Ковиньяк приподнялся на стременах, посмотрел кругом, не идет ли Барраба или посланный от принцессы с приказанием остановить казнь… Но увидел только Каноля, которого палач силился оторвать от лестницы и повесить.
Каноль рукою показал Ковиньяку на сердце.
Тут-то Ковиньяк взялся за мушкет, прицелился и выстрелил.
- Благодарю, - сказал Каноль, простирая к нему руки. - По крайней мере, я умираю смертью солдата!
Пуля пробила ему грудь.
Палач приподнял тело, оставшееся на позорной веревке; но это был только труп.
Выстрел Ковиньяка раздался как сигнал, в ту же минуту раздалась еще тысяча мушкетных выстрелов. Чей-то голос закричал:
- Постойте! Постойте! Отрежьте веревку!
Но его нельзя было услышать в реве толпы; притом же пуля перерезала веревку, пытавшийся сопротивляться конвой был опрокинут чернью; виселица была вырвана из земли, ниспровергнута, разбита, разрушена; палачи бежали, толпа налетела как туча, схватила труп, разорвала его и потащила куски по городу.
Толпа, неразумная в своей ненависти, думала ужесточить мучения дворянина, но, напротив, спасла его от гнусной казни, которой он так боялся.
Во время этого столпотворения Барраба пробрался к герцогу и, хотя сам видел, что опоздал, однако вручил ему письмо.
Герцог, оказавшись среди ружейных выстрелов, ограничился тем, что отошел немного в сторону: в своей храбрости он был так же холоден и спокоен, как во всем, что делал.
Он распечатал и прочел письмо.
- Жаль, - сказал он, повертываясь к своим офицерам, - предложение этой Нанон было бы лучше, но что сделано, то сделано.
Потом, подумав с минуту, прибавил:
- Кстати… она ждет нашего ответа за рекой; попробуем устроить и это дельце.
И, не заботясь более о посланном, он пришпорил лошадь и отправился вместе со своей свитой ко дворцу принцессы.
В ту же минуту гроза, с некоторого времени нависшая над Бордо, разразилась и сильный дождь с громом пал на эспланаду, чтобы смыть с нее кровь невинного.
V
Пока в Бордо происходили описанные выше события, пока чернь волочила по улицам останки несчастного Каноля, пока герцог де Ларошфуко льстил гордости принцессы, уверяя ее, что она обладает властью сделать столько же зла, сколько и королева, пока Ковиньяк с Барраба скакали к городским воротам, понимая, что миссия их закончилась, - пока все это происходило, карета, запряженная четверкой лошадей, выбившихся из сил и покрытых пеной, остановилась на берегу Жиронды, напротив Бордо, между селениями Белькруа и Бастид.
Только что пробило одиннадцать часов.
Слуга, скакавший за каретой на лошади, соскочил с нее тотчас, как только увидел, что карета остановилась, и отворил дверцу.
Из кареты поспешно вышла дама, посмотрела на небо, освещенное кровавым отблеском, и прислушалась к отдаленным крикам и шуму.
- Ты уверена, что нас никто не преследовал? - спросила она у своей горничной, которая вышла из кареты вслед за нею.
- Совершенно уверена, сударыня, - отвечала горничная, - оба верховых, остававшиеся позади по вашему приказанию, уже приехали; они никого не видели, ничего не слышали.
- А ты, ты ничего не слышишь с этой стороны, от города?
- Кажется, слышу вдалеке крики.
- А ничего не видишь?
- Вижу какое-то зарево, похожее на пожар.
- Это факелы.
- Точно так, сударыня, они мелькают, передвигаются, точно блуждающие огоньки.
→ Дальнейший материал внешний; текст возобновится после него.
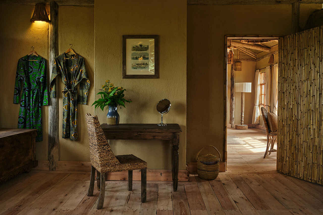 Die Volcanoes Kibale Lodge bietet acht individuell gestaltete Bandas. Jede Banda verbindet natürliche Materialien mit modernem Komfort und wurde mit viel Liebe zum Detail errichtet. Auf der privaten Terrasse genießen Gäste den Ausblick auf die imposanten Rwenzori-Berge oder die sanften Hügel der Fort-Portal-Region. Im Inneren sorgen gemütliche Betten mit Moskitonetzen, eine stilvolle Sitzecke und praktische Ablageflächen für ein behagliches Wohngefühl. Die großzügigen En-suite-Badezimmer sind mit Spültoilette, Doppelwaschbecken sowie Innen- und Außendusche mit Warm- und Kaltwasser ausgestattet. Alle Gäste genießen den Service eines persönlichen Butlers, der sich aufmerksam um ihre Wünsche kümmert.
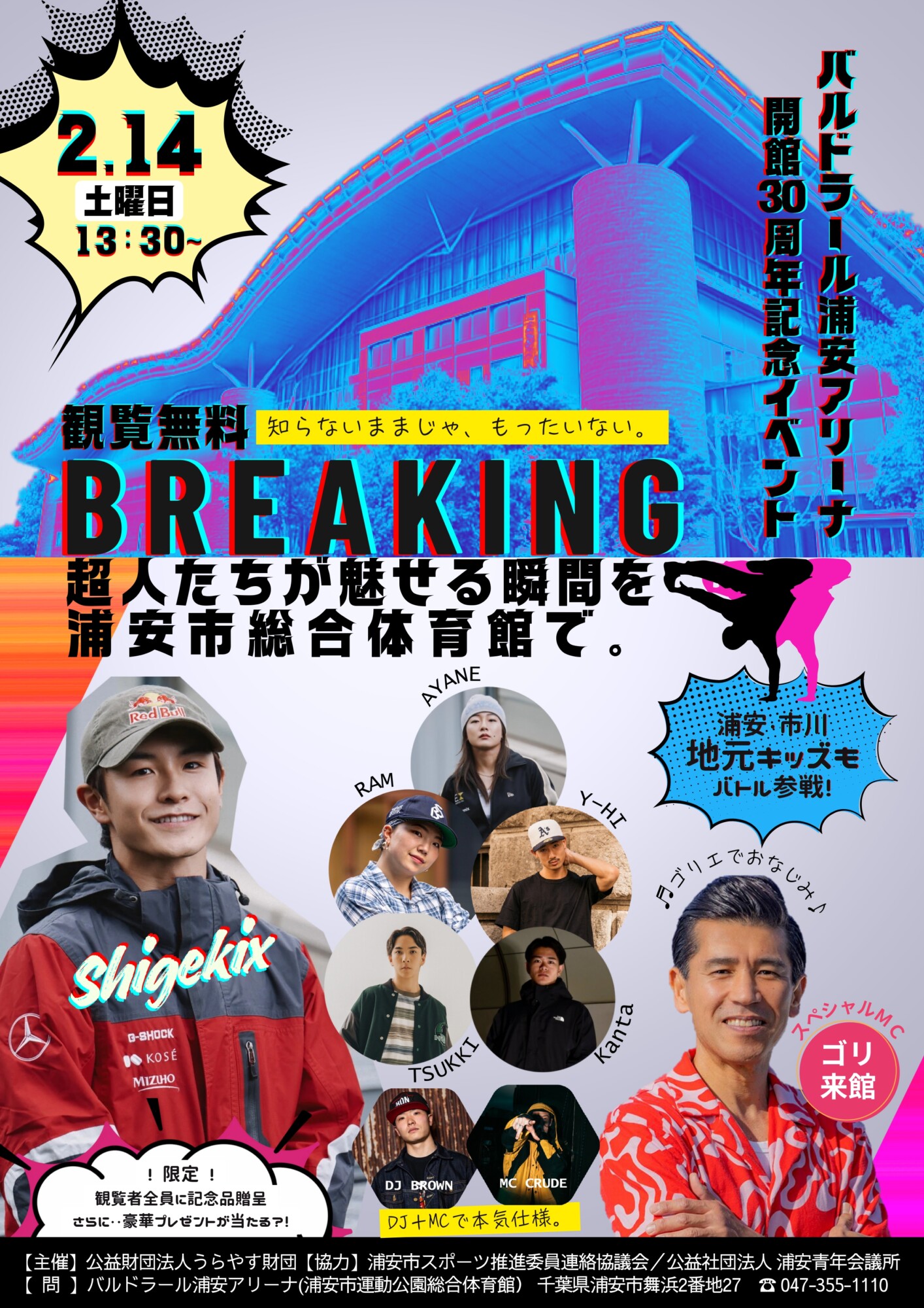 浦安市舞浜にあるバルドラール浦安アリーナ(浦安市運動公園総合体育館)で、開館30周年を記念した特別イベント「BREAKING(ブレイキン)」が開催されます。
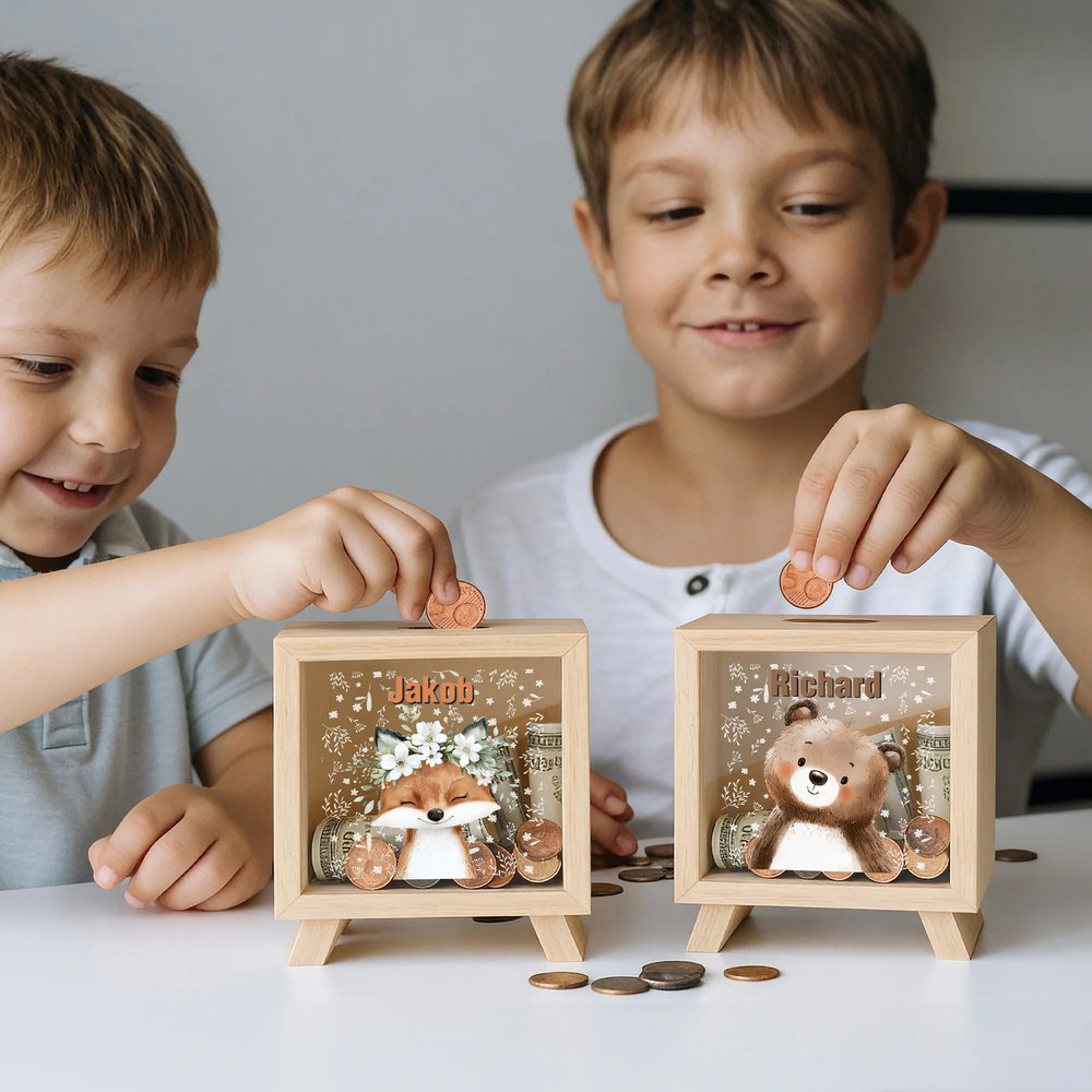 Dieses charmante Sparschwein überzeugt durch eine Vielzahl liebevoll gestalteter Tier- und Blumenmotive, die Kinder sofort begeistern. Die Möglichkeit, sowohl das Tiermotiv als auch den Namen des Kindes individuell anzupassen, macht das Sparen zu einem spielerischen und persönlichen Erlebnis, das Freude bereitet und die Kreativität anregt. Es ist ideal für Kinderzimmer und Kinderstuben geeignet und verbindet praktische Funktionalität mit einer originellen Dekoration, die sowohl Jungen als auch Mädchen anspricht.

Изволите слышать, сударыня? Крики усиливаются, почти можно расслышать их.
- Боже мой, - вскричала молодая женщина, падая на колени прямо в дорожную грязь. - Боже мой! Боже мой!
То была единственная ее молитва. Одно это слово было у нее на уме, уста ее могли произносить только одно это слово: имя того, кто мог совершить чудо, мог спасти ее.
Горничная не ошиблась: факелы мелькали, крики, казалось, приближались. Послышался ружейный выстрел, за ним тотчас началась стрельба, потом страшный шум, потом факелы погасли, крики как бы отдалились. Пошел дождь, разразилась гроза, но молодая женщина не обращала на это внимания. Она боялась не грозы…
Она не могла отвести глаз от того места, где раньше видела столько факелов, где слышала такой шум. Теперь она ничего не видела, ничего не слышала и при свете молний ей казалось, что все там опустело.
- О, - вскричала она, - у меня нет сил ждать долее! В Бордо! Везите меня в Бордо!
Вдруг послышался конский топот. Он быстро приближался.
- Наконец-то они едут! - вскричала она. - Вот они! Прощай, Франсинетта, уйди, я одна должна встретить их. Посади ее к себе на лошадь, Ломбар, и оставь в карете все, что я привезла с собой.
- Но что хотите вы делать, сударыня? - спросила испуганная горничная.
- Прощай, Франсинетта, прощай!
- Но куда вы изволите идти, сударыня? Почему мы должны проститься?
- Я иду в Бордо.
- Во имя Неба, не ходите туда, сударыня! Они убьют вас!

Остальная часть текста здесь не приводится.